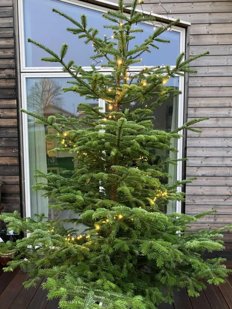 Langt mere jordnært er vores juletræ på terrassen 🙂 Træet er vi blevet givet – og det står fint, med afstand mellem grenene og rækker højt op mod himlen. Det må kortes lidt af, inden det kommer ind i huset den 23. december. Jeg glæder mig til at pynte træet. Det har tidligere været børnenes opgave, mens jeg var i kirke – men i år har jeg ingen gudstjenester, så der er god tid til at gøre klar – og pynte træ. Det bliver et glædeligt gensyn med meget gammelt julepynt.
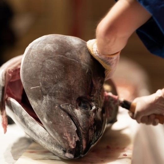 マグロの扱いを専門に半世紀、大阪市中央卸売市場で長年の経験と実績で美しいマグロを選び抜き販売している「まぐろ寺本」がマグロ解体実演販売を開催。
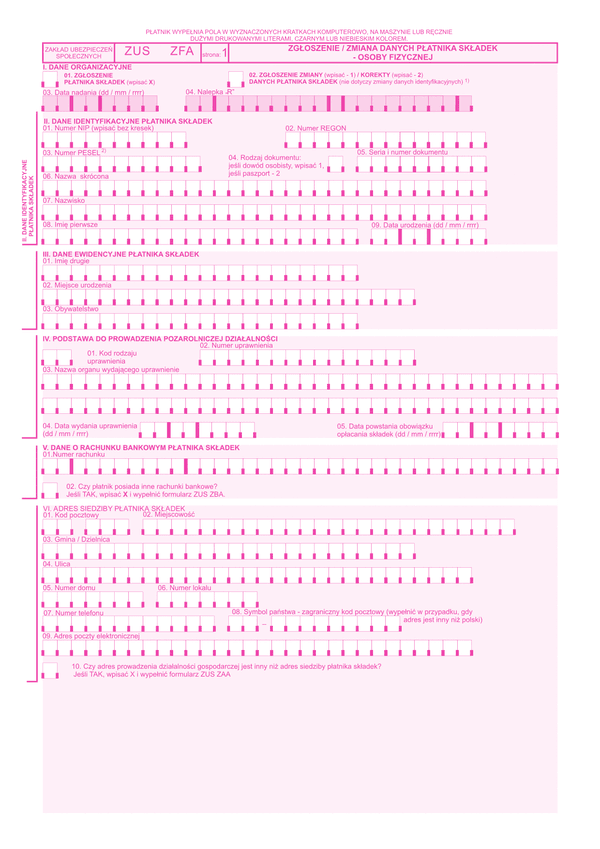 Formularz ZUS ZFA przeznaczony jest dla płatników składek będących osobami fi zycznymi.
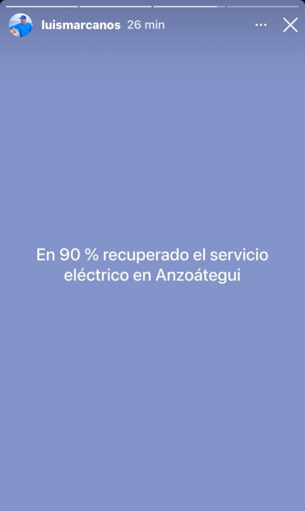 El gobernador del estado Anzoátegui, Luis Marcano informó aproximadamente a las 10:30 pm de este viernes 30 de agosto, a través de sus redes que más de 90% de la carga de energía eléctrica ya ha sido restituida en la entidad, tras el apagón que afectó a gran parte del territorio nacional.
---
*Task directions*
Transcribe each line above exactly, pictures excluded.

*Response area*
 Langt mere jordnært er vores juletræ på terrassen 🙂 Træet er vi blevet givet – og det står fint, med afstand mellem grenene og rækker højt op mod himlen. Det må kortes lidt af, inden det kommer ind i huset den 23. december. Jeg glæder mig til at pynte træet. Det har tidligere været børnenes opgave, mens jeg var i kirke – men i år har jeg ingen gudstjenester, så der er god tid til at gøre klar – og pynte træ. Det bliver et glædeligt gensyn med meget gammelt julepynt.
 マグロの扱いを専門に半世紀、大阪市中央卸売市場で長年の経験と実績で美しいマグロを選び抜き販売している「まぐろ寺本」がマグロ解体実演販売を開催。
 Formularz ZUS ZFA przeznaczony jest dla płatników składek będących osobami fi zycznymi.
 El gobernador del estado Anzoátegui, Luis Marcano informó aproximadamente a las 10:30 pm de este viernes 30 de agosto, a través de sus redes que más de 90% de la carga de energía eléctrica ya ha sido restituida en la entidad, tras el apagón que afectó a gran parte del territorio nacional.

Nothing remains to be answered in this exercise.